Col. Christopher Paris, left, Commissioner of the Pennsylvania State Police, and Patrick Yoes, president of the Fraternal Order of Police, are sworn in to testify at the House Homeland Security Committee hearing to read about the attempt of assassination of former President Donald Trump on Tuesday at the Capitol in Washington. (Jason Andrew/The New York Times)
WASHINGTON — Two days before a gunman wounded former President Donald Trump in Butler, Pennsylvania, the Secret Service videotaped the planned crusade with members of the Pennsylvania State Police, who had been arrested on heightened security grounds.
WASHINGTON — Two days before a gunman wounded former President Donald Trump in Butler, Pennsylvania, the Secret Service videotaped the planned crusade with members of the Pennsylvania State Police, who had been arrested on heightened security grounds.
At one point, a state police official raised a question about the roof of a warehouse located less than 500 feet from the level where Trump was scheduled to speak.
The Secret Service’s reaction — according to testimony from a state police commander at a congressional hearing Tuesday — was that a local police unit would guard that building.
“We were told by several Secret Service agents that this stopover at Butler ESU was in the area,” said state police Col.
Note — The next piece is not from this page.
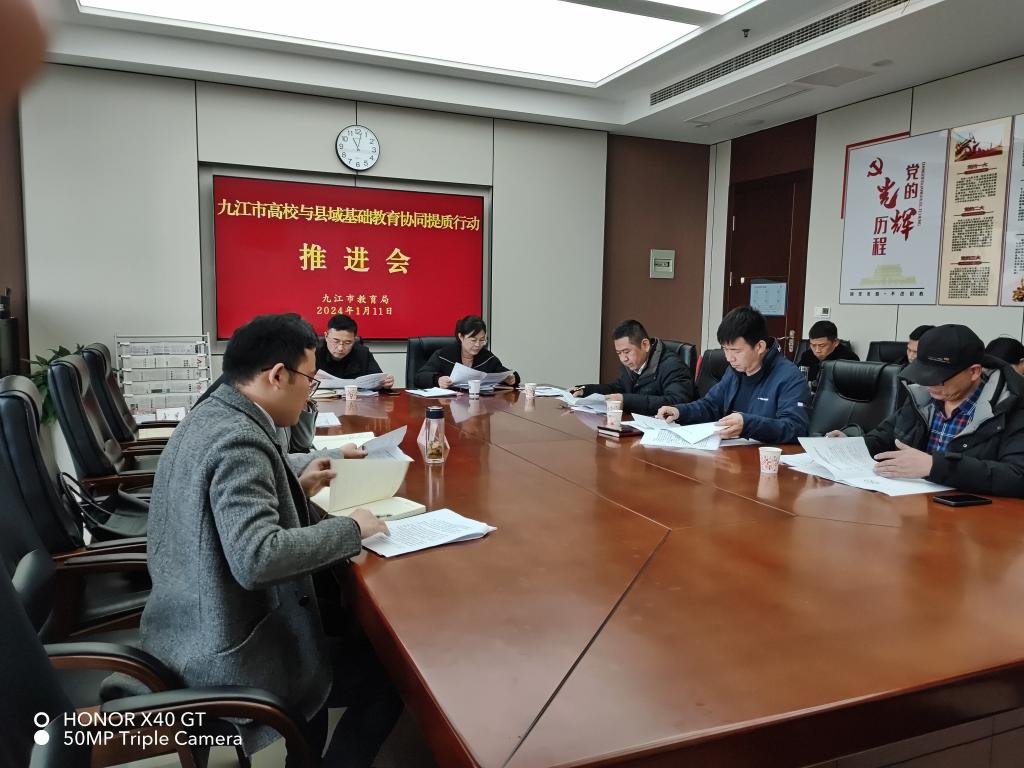 1月11日,永利yl23411集团官网与教育局联合召开高校与县域基础教育协同提质行动推进会。永利yl23411集团官网教务处、九江市教育局、瑞昌市教育局、湖口县教体局和协同提质行动试点学校负责人以及永利yl23411集团官网高等教育研究所、基础教育研究所和教务处相关人员参加会议。

Christopher Paris, referring to the Emergency Services Unit, a SWAT-style tactical unit made up of officers. several local counties.
It’s one of the most desirable new major points about the July 13 shooting that emerged from Paris’ testimony before the House Homeland Security Committee. He described a security scenario that disastrously compromised, through breakdowns in communication and accountability, the complex way a photograph of a suspicious guy is taken passed between law enforcement agencies, and the last-minute resolution of local snipers to leave an augmented viewpoint to search for the suspect on foot.
The suspect turned out to be a gunman who was going to kill the Republican presidential candidate. The would-be assassin, later known as 20-year-old Thomas Crooks of Bethel Park, Pennsylvania, used the roof of the warehouse to fire a series of shots, wounding Trump, killing one rally attendee and wounding two others.
Paris’s appearance was very different, in substance and tone, from that presented a day earlier by the then director of the Secret Service, Kimberly Cheatle, in a hearing before the Committee on Oversight and Reform of the House of Representatives. representatives. Cheatle, while acknowledging the failure of her agency, frustrated the committee by continually refusing to answer questions, prompting lawmakers from both parties to call for her resignation. She stopped doing it on Tuesday.